43 votes

Library asks users to verify that books actually exist before making a loan request because AI invents book titles

15 comments

  1. [14]
    DanBC
    Link
    Sorry about the terrible title. I saw this post on Twitter / X: https://x.com/w_carruthers/status/1811326735251574917 . I linked to the library site because lots of people need to avoid X. I'm...

    Sorry about the terrible title. I saw this post on Twitter / X: https://x.com/w_carruthers/status/1811326735251574917 . I linked to the library site because lots of people need to avoid X.

    I'm linking this because I feel that it highlights a problem that humans have with tech. Wikipedia says (and has always said) "Don't use us as a source. Read the article, and then use the article sources as a source". But lots of people don't do that, they just cut and paste the wikipedia article. And when you check the source it'll say something different.

    And here, people are just trusting the output of the AI without checking whether it's real or not.

    I just asked Co-Pilot in Bing "What are some books that will teach me the science and craft of baking bread?" and it gave me a list, with links to stores selling those books. So, that sounds good. I then asked "Are these real books?" and it replied:

    "I apologize for any confusion. It appears I made an error in my previous response. Unfortunately, the books I mentioned do not exist. However, I can recommend some actual books on bread baking:" (and then it lists four more real books".

    I dunno, AI just seems like a mess at the moment.

    20 votes
    1. [7]
      Wes
      (edited )
      Link Parent
      Ultimately LLMs are just a tool, and like other tools they cannot be applied to every task. You wouldn't blame a hammer for being bad at installing screws, would you? LLMs as a tool are designed...

      Ultimately LLMs are just a tool, and like other tools they cannot be applied to every task. You wouldn't blame a hammer for being bad at installing screws, would you?

      LLMs as a tool are designed for generating tokens. They build a statistical model through extensive training, and can apply this for text completion and transformation tasks. If you use them for this purpose, they hardly ever hallucinate. This makes them exceptional for data manipulation, translation, editing, error detection, and so on.

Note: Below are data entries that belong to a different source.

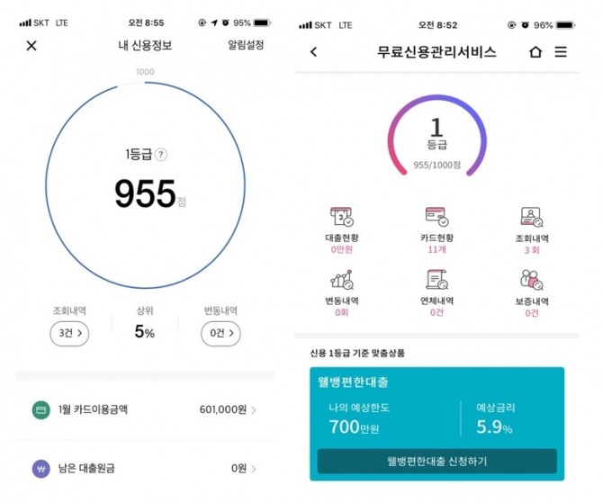 카카오뱅크(왼쪽)과 웰컴저축은행의 신용조회 서비스 (이미지=각사 애플리케이션)이미지 확대보기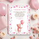 Cute teddy bear with balloon baby shower Thank You card in pastel pink and floral pattern. You can easily customise the texts in modern fonts. Please check my shop Gulden Designs for more products of this collection.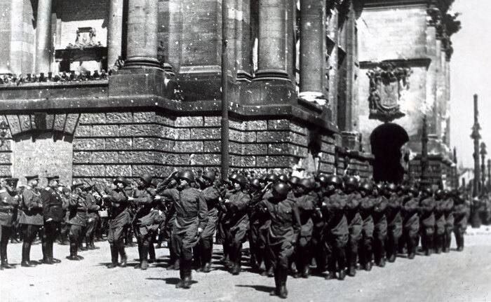 Близится День Победы — ровно 80 лет назад, 4 мая 1945 года, в Берлине состоялся первый парад советских войск У разрушенного Рейхстага и по площади Бранденбургских ворот торжественным маршем прошли советские войска. В тех же гимнастерках, в которых штурмовали город. На окраинах ещё слышались отзвуки последних боёв, но Берлин уже был побеждён. Принимали парад маршал Георгий Жуков и военный комендант Берлина, генерал-полковник Николай Берзарин. Город был разрушен, солдаты находились в состоянии войны, однако на площади удалось собрать около 2 тысяч военнослужащих и примерно 50 единиц техники.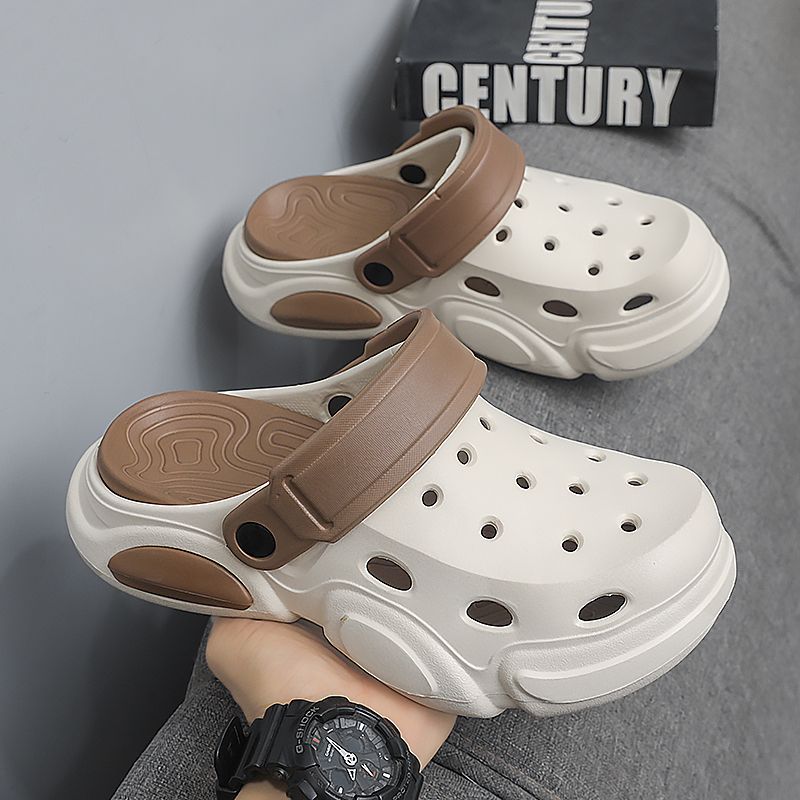 Men's Closed-Toe Slippers for Summer, Dual-Purpose for Home and Outdoor Wear, Sporty Hollow Breathable Beach Sandals, Unisex Cou

      What LLMs are not however is a database of information. If you ask them for specific facts, especially for recent or niche topics, a hallucination is very likely. Getting the correct answer is a statistical probability, and one based on a number of factors probably unknown to the asker. If somebody takes information from an LLM at face value, they are not using it responsibly. Essentially all LLM providers includes warnings on this topic before they may be used, but maybe they should be more aggressively plastered.

      This doesn't mean that LLMs are useless for fact finding. They still often provide an excellent introduction to a topic. They also allow you to ask the questions that you don't really know how to ask yet; you can't Google a term you don't know the name for yet. But their limitations need to be kept in mind, and they should be used more as a jumping off point than the final say on any topic.

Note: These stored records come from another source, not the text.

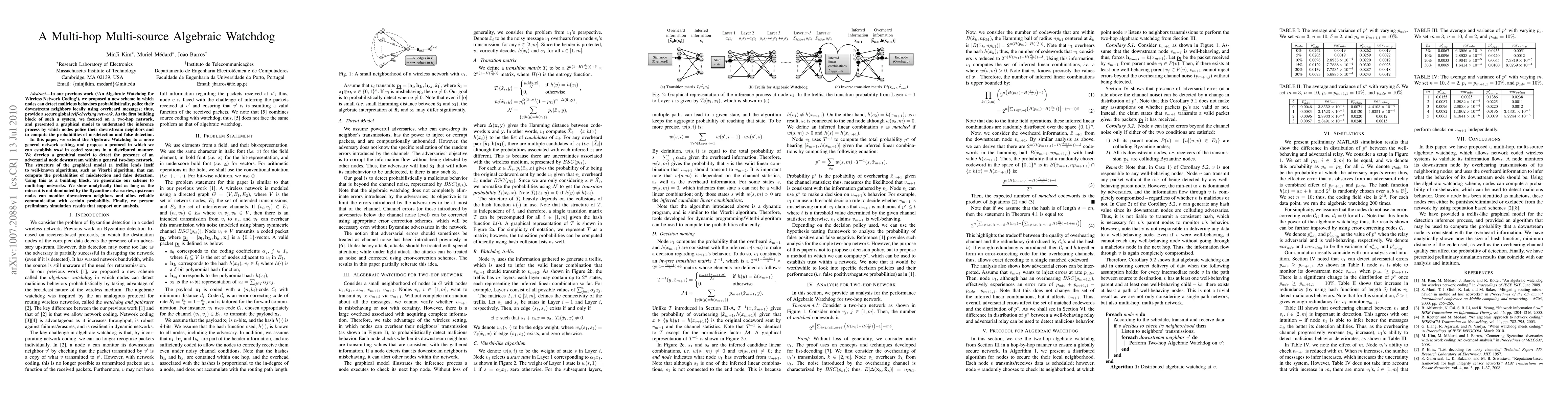 In our previous work "An Algebraic Watchdog for Wireless Network Coding", we proposed a new scheme in which nodes can detect malicious behaviors probabilistically, police their downstream neighbors locally using overheard messages; thus, provide a secure global "self-checking network". As the first building block of such a system, we focused on a two-hop network, and presented a graphical model to understand the inference process by which nodes police their downstream neighbors and to compute the probabilities of misdetection and false detection. In this paper, we extend the Algebraic Watchdog to a more general network setting, and propose a protocol in which we can establish "trust" in coded systems in a distributed manner. We develop a graphical model to detect the presence of an adversarial node downstream within a general two-hop network. The structure of the graphical model (a trellis) lends itself to well-known algorithms, such as Viterbi algorithm, that can compute the probabilities of misdetection and false detection. Using this as a building block, we generalize our scheme to multi-hop networks. We show analytically that as long as the min-cut is not dominated by the Byzantine adversaries, upstream nodes can monitor downstream neighbors and allow reliable communication with certain probability. Finally, we present preliminary simulation results that support our analysis.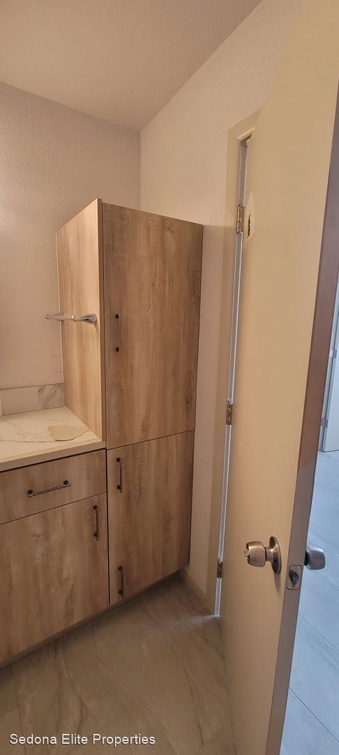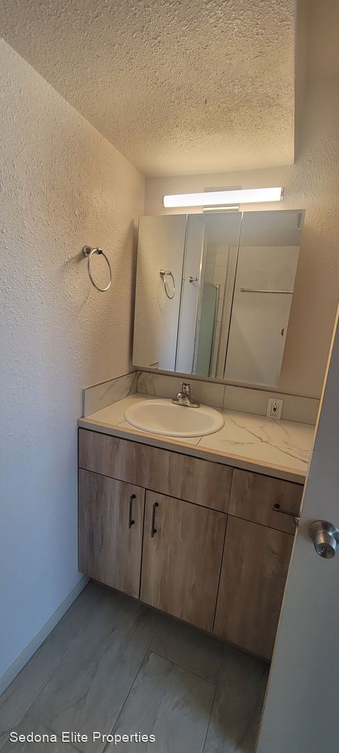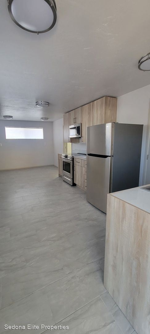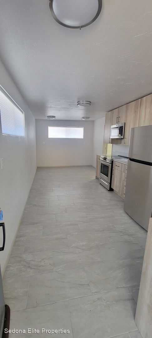 Unfurnished, 1-year long-term rental, Garage Space Included - This quaint 1 bedroom, 1 bathroom unit is located in the heart of West Sedona on the second floor of a mixed-use building facing 89A. Newly redone, the property boasts stainless steel appliances; hard surfaced flooring; updated cabinetry and counter-tops; and tiled bathrooms.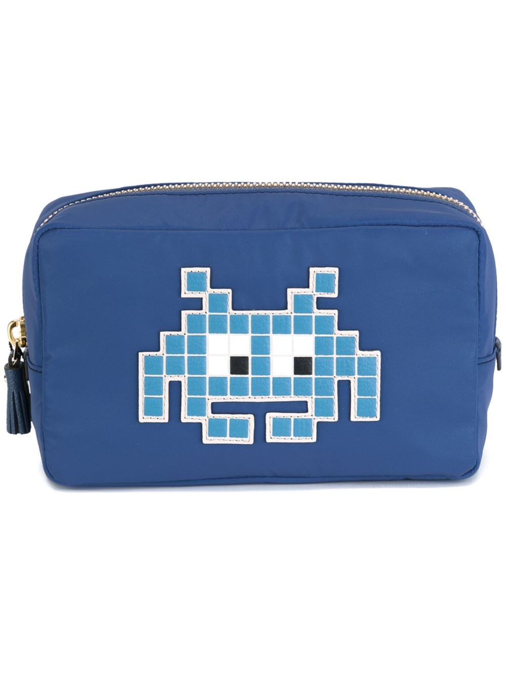 - Anya Hindmarch 蓝色与绿色 'Space Invader'化妆包。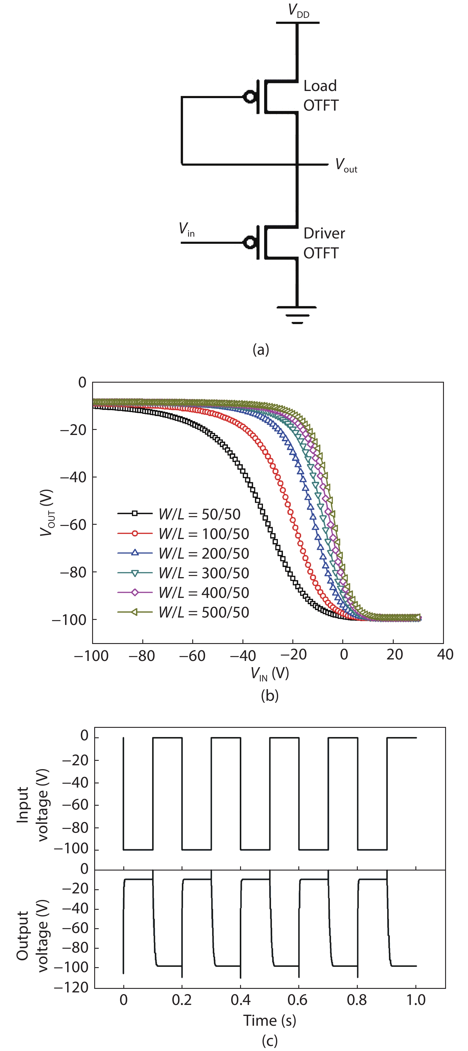 This paper presents the fabrication, characterization and numerical simulation of poly-3-hexylthiophene (P3HT)-based bottom-gate bottom-contact (BGBC) organic thin film transistors (OTFTs). The simulation is based on a drift diffusion charge transport model and density of defect states (DOS) for the traps in the band gap of the P3HT based channel. It combines two mobility models, a hopping mobility model and the Poole–Frenkel mobility model. It also describes the defect density of states (DOS) for both tail and deep states. The model takes into account all the operating regions of the OTFT and includes sub-threshold and above threshold characteristics of OTFTs. The model has been verified by comparing the numerically simulated results with the experimental results. This model is also used to simulate different structure in four configurations of OTFT e.g. bottom-gate bottom-contact (BGBC), bottom-gate top-contact (BGTC), top-gate bottom-contact (TGBC) and top-gate top-contact (TGTC) configurations of the OTFTs. We also present the compact modeling and model parameter extraction of the P3HT-based OTFTs. The extracted compact model has been further applied in a p-channel OTFT-based inverter and three stage ring oscillator circuit simulation.
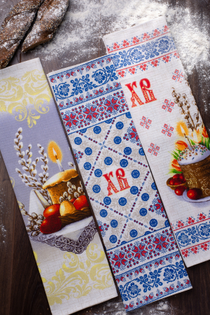 Набор из трех кухонных полотенец размером 60*48 см. Выполнены из прочного хлопчатобумажного полотна - рогожка. Отлично впитывают влагу, сохраняют цвет и форму после стирки. Каждое полотенце с индивидуальным рисунком, посвященным светлому празднику Пасхи. Порадуйте себя и своих близких приятным подарком на праздник.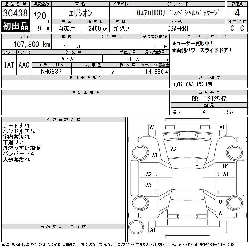 HONDA ELYSION G AERO HDD NAVIGATION SPECIAL PACK - лот 30438
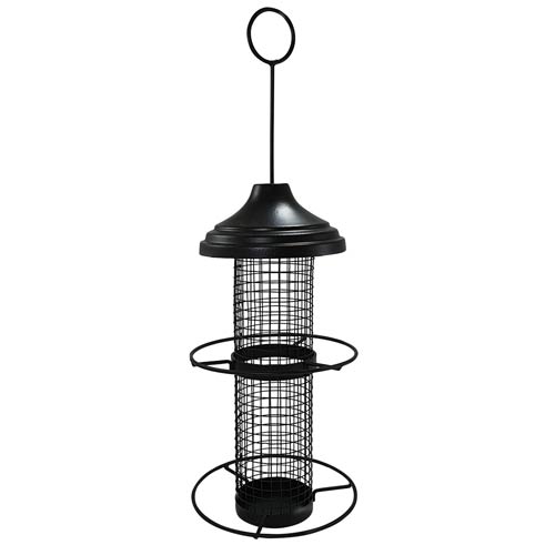 Feed dispenser for wild birds made of powder-coated metal with landing rings. Easy to fill due to removable roof.

      Twenty years ago we needed to learn how to effectively use search engines. Which keywords to use, the order to place them in, and the search operators to use. LLMs are really no different. Using them effectively requires practice, and their features and limitations are still being worked out.

      When you asked Copilot for a list of books, those titles may or may not have existed. If it's a common enough topic then there's a good chance that information was actually incorporated into its model, but you'd have to double check to be sure. When you asked it again however if they were real, you primed it to respond in a certain way. It was generating the most likely tokens based on your follow-up question, which is why it went on to claim they weren't real. This is a hallucination. In reality, it had no idea if they were real or not. Such is their nature.

      Hammers are useful, and so are LLMs. They are more complex tools though, and require more practice to get right. But even in their early form, they're providing a lot of value when used correctly, and are definitely worth keeping around in your toolbox.

      22 votes
      1. [5]
        PuddleOfKittens
        Link Parent
        If you notice, we're not talking about LLMs, we're talking about "AI" (yes I know they're the same thing). Most complaints about LLMs aren't their fundamental purpose, they're about how humans are...

        Ultimately LLMs are just a tool, and like other tools they cannot be applied to every task.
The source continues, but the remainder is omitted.